Mehanna’s computer also revealed that he had downloaded numerous pro-jihad videos, as well as a video of the mutilation of the remains of US personnel in Iraq, the affidavit says. …
Bamford said the FBI has no information about terrorist cells operating in New England.
But he added, “The home grown terrorists, those individuals who have become radicalized by looking at the Internet … are of great concern because those people often fly below the radar.’’
The Christian Science Monitor has pulled together a chronological list of 21 homegrown terror plots that have been intercepted or thwarted by the FBI since the September 11, 2001 terror attacks.
† CIGNA Gives Grieving Family The Finger – Twice: By the time CIGNA did the right thing, it was too late to save the life of 17-year old leukemia patient Nataline Sarkisyan. Prodded by the outrage evoked by a front-page article in The Washington Times and subsequent media coverage, Guardian Life Insurance Co. did not wait that long, and is restoring the health insurance coverage that has kept muscular dystrophy patient Ian Pearl, 37, alive. Pearl’s parents are now pressing the company to restore this coverage to others in NY state who need it but the company has thus far committed only to restoring their son’s coverage plus that of one other unnamed policy holder in the state. Meanwhile, the company’s CEO Dennis Manning plans to meet with the Pearls to assure them that he thinks of customers as human beings, not “dogs” that Guardian needs to “get rid of” to increase its profit margins.

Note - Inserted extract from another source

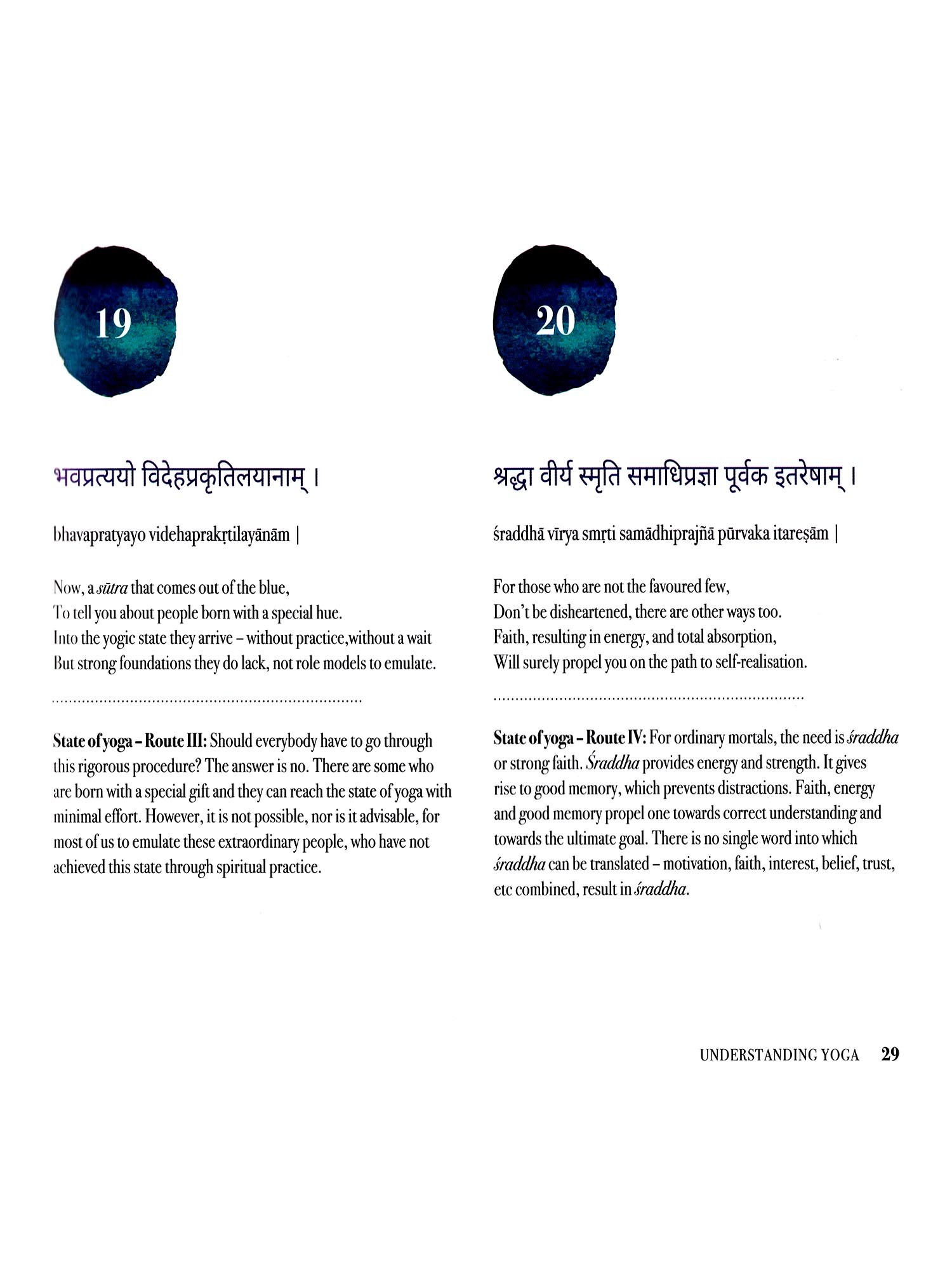 These verses came from the heart; they came from an understanding of the sutras as taught to me with rare lucidity by my teacher. Having understood and discovered the wisdom of the sutra-s. I felt a deep urge to share the knowledge of this very profound and practical teaching. The following book is therefore an expression of my understanding of the teacher's lessons and comes from a strong desire to make enthusiasts the world over, of those, who have taken to yoga in its current wave of popularity without perhaps realizing how much more there is to this science than mere physical exercise; if some of these people could perhaps take to reading the sutras, then my purpose will have been achieved and with this aim in mind the verses have been expressed in the simplest words in a lyrical manner. However many concepts of the satras are deep and require reflection. To read the verses aloud right through the chapter, experiencing the rhythm and then study the verse and the lesson, would perhaps bring out the best understanding and appreciation of this work.

† The Nobel Peace Prize? Really?: Bjorn Halvard Knappskog, a 19-year-old Norwegian student, has won the Monopoly World Championship, held at Caesars Palace in Las Vegas – and $20,580 in real money for the title, which matches the amount of play money in the bank of a standard Monopoly game, reports The Associated Press. Rumor has it that Knappskog has already been nominated for the 2010 Nobel Prize in economics, and he’s got at least even odds of winning – unless President Barack Hussein Obama also gets nominated, in which case all bets are off.
† Updates To Previous Posts (fifth item, Now Is Not The Time To Talk About Race): More fallout following News Corp. chairman Rupert Murdoch having to endure being lectured on diversity by “leaders from a variety of ethnic communities”? Based on concerns raised by a shareholder about liberal analyst Marc Lamont Hill having a "reputation of defending cop killers and racists" – he has supported the likes of Assata Shakur (AKA JoAnne Chesimard) and Mumia Abu-Jamal (AKA Wesley Cook) – Murdoch kicked him to the curb. Hill, who claims expertise on hip-hop culture but not politics or history, was a frequent guest on "The O'Reilly Factor."
† Updates To Previous Posts (Semper Fi(nk), eighth item): For masquerading as an injured war hero to get free seats at rock concerts and sporting events, Sgt. David W. Budwah, 34 - who pleaded guilty to making false statements, malingering, misconduct and unlawful appropriation, among other offenses - was sentenced to 18 months confinement, reduced in rank to private, dishonorably discharged and fined $25,000, reports The Associated Press.